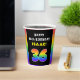 This fun and bold birthday-themed paper cup design features a large number “36“ with a vibrant rainbow spectrum inspired gradient pattern, along with the message “HAPPY 36th BIRTHDAY,”, and an editable recipient name. Upbeat paper cups like this might be fun to use at a party in honour of somebody’s 36th birthday. [~Z0000639]
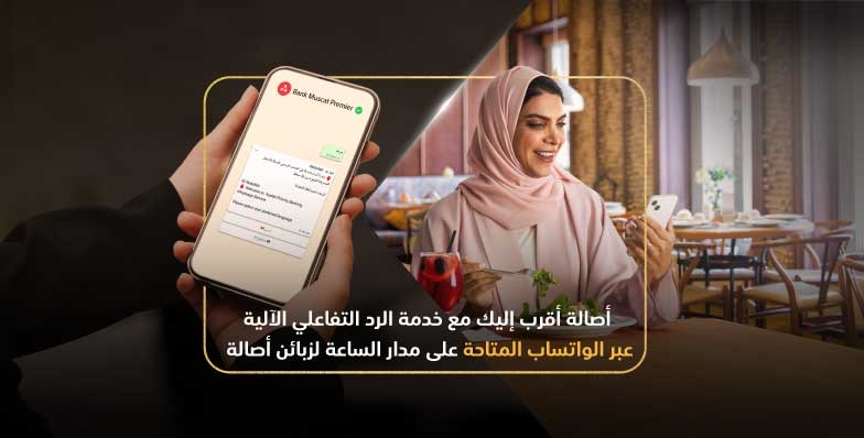 ترجمة لرؤيته “نعمل لخدمتكم بشكل أفضل كل يوم” ومواكبة لاستراتيجيته في تعزيز التواصل مع الزبائن، يتيح بنك مسقط، المؤسّسة المالية الرائدة في سلطنة عُمان، خدمة التواصل الآلي عبر تطبيق الواتساب مخصّصة لزبائن الأعمال المصرفية المميزة “أصالة“ إذ يمكن للزبائن الاستفادة من هذه الخدمة ومزايا البحث المتطورة باللغتين العربية والإنجليزيّة؛ وذلك لمعرفة المنتجات والخدمات التي يقدمها البنك في مجال الأعمال المصرفية المميزة. ويمكن للزبائن استخدام هذه الخدمة عبر تطبيق الواتساب للرد على مختلف الاستفسارات وذلك خلال الفترة من الساعة 8 صباحًا وحتى 10:30 مساءًيوميًا وطوال الأسبوع إذ سيقوم موظفو خدمة الزبائن المتخصصين بالرد على كافة الرسائل المرسلة والمتعلقة بالخدمات والتسهيلات الخاصة بزبائن هذه الفئة.
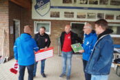 Martin Schönebeck (2.v.l.) und Ingo Puttik (4.v.l.) sind extra 250 km gefahren, um den Verantwortlichen des SCB ihre großzügigen Spenden zu überreichen. Foto: Mike Beitzel

#####

Aim of the exercise: Reproduce the material in its entirety and word for word, without the pictures.

Response area:
 This fun and bold birthday-themed paper cup design features a large number “36“ with a vibrant rainbow spectrum inspired gradient pattern, along with the message “HAPPY 36th BIRTHDAY,”, and an editable recipient name. Upbeat paper cups like this might be fun to use at a party in honour of somebody’s 36th birthday. [~Z0000639]
 ترجمة لرؤيته “نعمل لخدمتكم بشكل أفضل كل يوم” ومواكبة لاستراتيجيته في تعزيز التواصل مع الزبائن، يتيح بنك مسقط، المؤسّسة المالية الرائدة في سلطنة عُمان، خدمة التواصل الآلي عبر تطبيق الواتساب مخصّصة لزبائن الأعمال المصرفية المميزة “أصالة“ إذ يمكن للزبائن الاستفادة من هذه الخدمة ومزايا البحث المتطورة باللغتين العربية والإنجليزيّة؛ وذلك لمعرفة المنتجات والخدمات التي يقدمها البنك في مجال الأعمال المصرفية المميزة. ويمكن للزبائن استخدام هذه الخدمة عبر تطبيق الواتساب للرد على مختلف الاستفسارات وذلك خلال الفترة من الساعة 8 صباحًا وحتى 10:30 مساءًيوميًا وطوال الأسبوع إذ سيقوم موظفو خدمة الزبائن المتخصصين بالرد على كافة الرسائل المرسلة والمتعلقة بالخدمات والتسهيلات الخاصة بزبائن هذه الفئة.
 Martin Schönebeck (2.v.l.) und Ingo Puttik (4.v.l.) sind extra 250 km gefahren, um den Verantwortlichen des SCB ihre großzügigen Spenden zu überreichen. Foto: Mike Beitzel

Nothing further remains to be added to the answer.